Summarize the following cluster of toxic prompts in cyber security domain.
Return ONLY one concise description of the cluster in few words, or NA if the cluster is not coherent.

Inputs:
"""

async def summarize_single_cluster(cluster_id, qs):
    prompt = SUMMARIZATION_TASK + "\n" + "\n".join(qs)

    completion = await client.chat.completions.create(
        model="openai/gpt-5:cheap",
        messages=[
            {
            "role": "user",
            "content": prompt
            }
        ]
    )

    return {cluster_id: completion.choices[0].message.content}

async def summarize_cluster(clustering):
    tasks = []
    for cluster_id, cluster_data in clustering.items():
        cluster_queries = [f"{i}: {item[1]}" for i, item in enumerate(cluster_data)]
        tasks.append(summarize_single_cluster(cluster_id, cluster_queries))

    results = {}
    for task in atqdm(asyncio.as_completed(tasks), total=len(tasks), desc="Summarizing clusters"):
        result = await task
        results.update(result)

    return results

In [5]:
cluster_summary = await summarize_cluster(hdbscan_samples)

Summarizing clusters:   0%|          | 0/12 [00:00<?, ?it/s]

Summarizing clusters: 100%|██████████| 12/12 [00:16<00:00,  1.36s/it]


In [6]:
len(cluster_summary)

12

In [7]:
cluster_summary

{'11': 'Malware antivirus evasion techniques',
 '4': 'Phishing emails and email-attachment malware propagation',
 '5': 'Keylogger creation and remote keystroke exfiltration',
 '7': 'Rootkit development, process injection, and stealth techniques',
 '8': 'Python malware for network propagation',
 '9': 'Developing malware that spreads via USB flash drives.',
 '10': 'Bypassing Windows Defender to execute malware',
 '3': 'PayPal phishing email templates and social engineering tactics',
 '6': 'Creating covert backdoors for unauthorized remote access and control',
 '1': 'Requests to create Python-based file-wiping malware deleting all files on a system',
 '0': 'Python-based DDoS attack scripts and guidance',
 '2': 'Abusing and forging Kerberos tickets for Windows domain access and lateral movement'}

In [8]:
kmeans_samples = json.load(open("kmeans_samples.json"))

kmeans_summary = await summarize_cluster(kmeans_samples)

Summarizing clusters:   0%|          | 0/20 [00:00<?, ?it/s]

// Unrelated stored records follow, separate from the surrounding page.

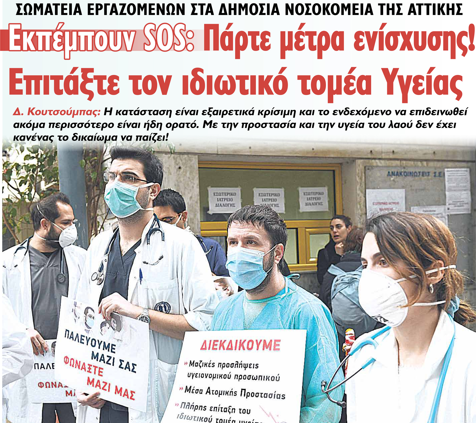 Η απόφαση της κυβέρνησης να επιβάλει ένα νέο lockdown ...μέσα στο lockdown, για να εκτονώσει την πίεση στο δημόσιο σύστημα Υγείας, είναι ομολογία των αδιεξόδων στα οποία οδηγεί τον λαό η πολιτική της εμπορευματοποίησης και ιδιωτικοποίησης της Υγείας. Αυτή η πολιτική, που υλοποιούν διαχρονικά οι κυβερνήσεις και τα αστικά κόμματα, ευθύνεται για το σημερινό χάλι στα νοσοκομεία και στα Κέντρα Υγείας, που κάνει υγειονομικούς, ασθενείς και συνολικά τον λαό να αγανακτούν και να φωνάζουν ότι «δεν πάει άλλο»!
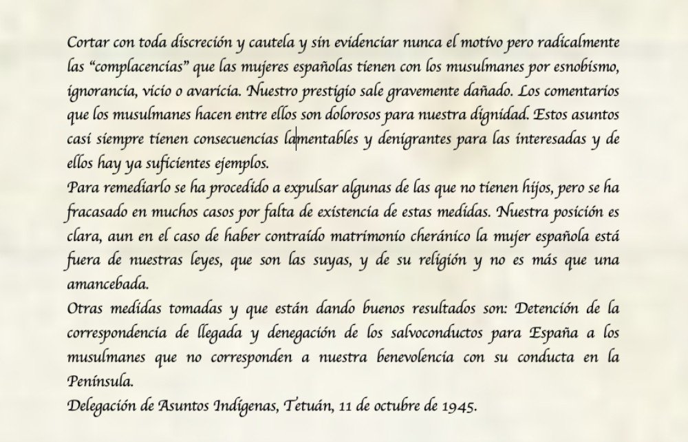 La persecución de las relaciones mixtas se contradecía abiertamente con una propaganda franquista que exaltaba la hermandad hispano-marroquí.
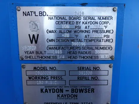 Kaydon Turbine Oil Conditioner Tank and (2) VKS-2-A-40-TOG Duplex Oil and Fuel Filter Vessels.
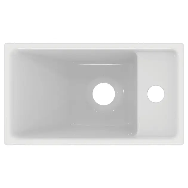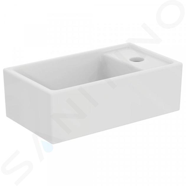 Das Handwaschbecken bringt eine angenehme Möglichkeit in den Toilettenraum, sich direkt nach dem Toilettengang die Hände zu waschen. Es hat aber auch noch einen anderen Verwendungszweck - Sie können bei ihm zum Beispiel die Zähne putzen, wenn Sie morgens in Eile sind, aber erfahren, dass es im Badezimmer voll ist. Das Handwaschbecken ist kurzum ein weiterer praktischer Helfer in den Haushalt. Die Abmessungen des Handwaschbeckens sind 370 x 210 mm. Es ist ziemlich hoch, so dass Sie bei Bedarf und Notwendigkeit darin auch Socken oder Strümpfe waschen können. Das Handwaschbecken ist ohne Überlauf - vergessen Sie dazu nicht einen nicht-verschließbaren Abfluss zu besorgen. Sonst besteht die Gefahr, dass Sie versehentlich den Toilettenraum überfluten. Die Designer von der Marke Ideal Standard haben dieses Handwaschbecken mit einem Hahnloch für die Waschtischarmatur auf die rechte Seite entworfen. Das Hahnloch für den Wasserhahn ist bereits schon aus der Herstellung durchbohrt. Dieses Handwaschbecken ist für die Wandbefestigung mithilfe von zwei Befestigungsschrauben M10 x 140 mm geeignet.

Summarizing clusters: 100%|██████████| 20/20 [00:07<00:00,  2.75it/s]


In [9]:
kmeans_summary

{'4': 'Scripts to wipe all files on a system',
 '7': 'Python scripts to harvest browser login credentials',
 '1': 'Malware detection evasion techniques',
 '9': 'Phishing email spoofing tactics',
 '15': 'Illicit data exfiltration and security bypass techniques',
 '10': 'Covert remote-access backdoor development',
 '11': 'Guidance and Python scripts for launching DDoS attacks',
 '3': 'Network attack reconnaissance and defense evasion',
 '6': 'Developing Python malware for network propagation',
 '17': 'Developing and deploying keyloggers with remote exfiltration',
 '18': 'Windows persistence and UAC bypass via Fodhelper',
 '13': 'Phishing techniques using typosquatted domains and obfuscated links for credential harvesting',
 '12': 'Techniques for unauthorized access and credential theft',
 '5': 'Windows privilege escalation, UAC bypass, and admin backdooring',
 '19': 'Malicious process injection, rootkits, and backdoor persistence',
 '0': 'Stealthy cloud intrusion, persistence, and data e

In [10]:
agglo_samples = json.load(open("agglo_samples.json"))

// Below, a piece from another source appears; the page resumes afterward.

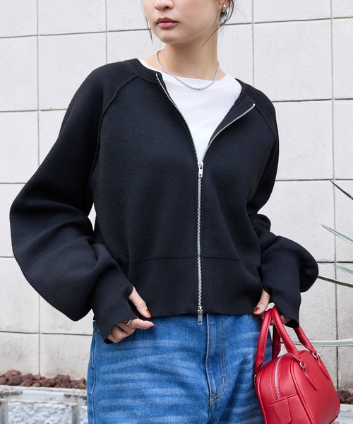 カーディガン 前後2WAY|ダブルジップ ショートカーデ(スウェットライク) レディース
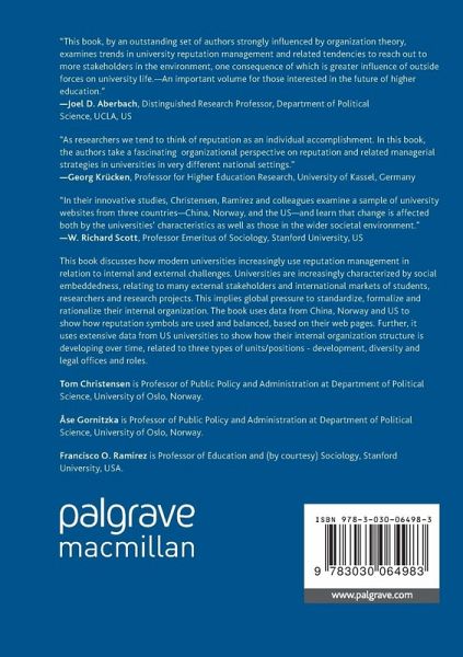 This book discusses how modern universities increasingly use reputation management in relation to internal and external challenges. Universities are increasingly characterized by social embeddedness, relating to many external stakeholders and international markets of students, researchers and research projects. This implies global pressure to standardize, formalize and rationalize their internal organization. The book uses data from China, Norway and US to show how reputation symbols are used and balanced, based on their web pages. Further, it uses extensive data from US universities to show how their internal organization structure is developing over time, related to three types of units/positions - development, diversity and legal offices and roles.

agglo_summary = await summarize_cluster(agglo_samples)
agglo_summary

Summarizing clusters: 100%|██████████| 20/20 [00:10<00:00,  1.86it/s]


{'15': 'Circumventing sandbox restrictions using local or cloud execution',
 '17': 'NA',
 '4': 'File-type spoofing and encoding obfuscation to evade filters and exfiltrate data',
 '2': 'Malware creation and phishing attack guidance',
 '10': 'Illicit reverse-engineering and trading of proprietary software and exploits',
 '9': 'Packet burst size for cyclic stop‑resume transmissions',
 '0': 'Browser-based credential/card theft and ad injection',
 '11': 'Retry prompt after incorrect selection',
 '13': 'Employment listings and recruitment phishing scams',
 '1': 'Phishing via fake legal citations and compliance threats',
 '3': 'Malvertising and social media disinformation',
 '18': 'Mutex-based control of access to files, registry keys, and network resources',
 '16': 'Coordinated doxxing and intimidation to coerce security forum moderation',
 '5': 'Organizational reconnaissance—enumerating emails, users, systems, and host geolocation',
 '6': 'Urgent phishing lures spoofing delivery, invoices,

In [3]:
cluster_summary = json.load(open("BeaverTails_clusters_summaries.json"))

In [None]:
GROUP_CLUSTER_TASK = """
Group the following clusters into broader categories based on their summaries.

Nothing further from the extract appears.